Global Sensitivity Analysis of the distributed hydrologic model ParFlow-CLM (V3.6.0)
Abstract. The integrated distributed hydrological model ParFlow-CLM was used to predict water and energy transport between subsurface, land surface, and atmosphere for the Stettbach headwater catchment, Germany. Based on this model, a global sensitivity analysis was performed using the Latin-Hypercube (LH) sampling strategy followed by the One-factor-At-a-Time (OAT) method to identify the most influential and interactive parameters affecting the main hydrologic processes. In total 12 parameters were evaluated including soil hydraulic properties, storage, Manning coefficient, leaf area index, stem area index, and aerodynamic resistance that characterize water and energy fluxes in soil and vegetation.
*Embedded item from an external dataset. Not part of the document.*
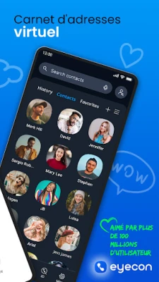 L'intelligence artificielle d'Eyecon apprend de vos habitudes, optimisant l'affichage de vos contacts les plus sollicités et les icônes de communication préférées pour une efficacité maximale. Curieux de savoir si un ami est disponible ? Utilisez notre fonction de vérification de disponibilité non-intrusive, permettant à vos proches de vous signifier s'ils peuvent répondre, rappeler ultérieurement ou sont occupés, le tout sans contrainte. Amusez-vous à parfaire votre répertoire grâce à notre jeu unique qui vous invite à évaluer et découvrir de nouvelles photos pour vos contacts. Et après une nouvelle rencontre, ajoutez un contact en un clin d'œil : Eyecon suggère un nom et une photo après un appel, vous épargnant toute saisie. La connexion à Eyecon est un jeu d'enfant et respecte votre vie privée : un simple numéro de téléphone suffit, sans synchronisation forcée avec des médias sociaux tiers ni processus d'inscription fastidieux.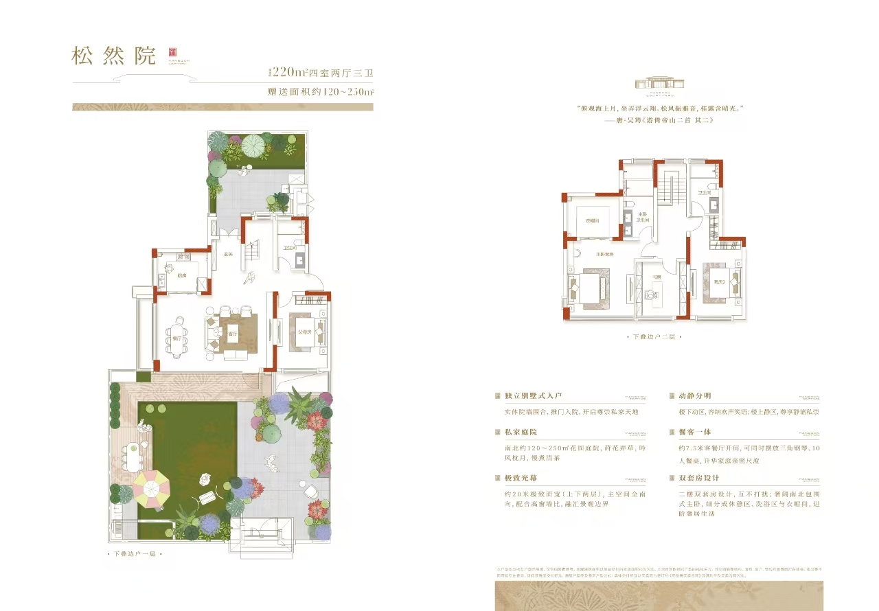 第一个超大赠送院墅:上叠坐拥约100㎡露台 + 14㎡设备平台 + 30㎡北庭院,下叠尊享户均约200㎡南北双庭院+百变地下室,拓展生活无限可能;

In addition, the sensitivity analysis was also carried out for different slopes and meteorological conditions to test the transferability of the results to regions with other topographies and climates. Our results show that the simulated energy fluxes, i.e. latent heat flux and sensible heat flux are sensitive to the parameters such as wilting point, leaf area index, and stem area index, especially for steep slope and subarctic climate conditions. The simulated soil evaporation, plant transpiration, infiltration, and runoff, are most sensitive to soil porosity, the van Genuchten parameter n representing the soil pore size distribution, soil wilting point, and leaf area index. The subsurface soil water storage and groundwater storage are most sensitive to soil porosity, while the surface water storage was most sensitive to the soil roughness parameter. For the different slope and climate conditions, the rank order of input parameter sensitivity is consistent, but the magnitude of parameter sensitivity is very different. The strongest deviation in parameter sensitivity occurred for sensible heat flux under the different slope conditions as well as for transpiration under different climate conditions. Overall, this study provides an insight into the most important input parameters that control hydrological fluxes and how the simulated variables vary with the change in parameter values, which can improve our understanding of the key processes in the model and help us to reduce the computational demands of completing multiple simulations of expensive domains.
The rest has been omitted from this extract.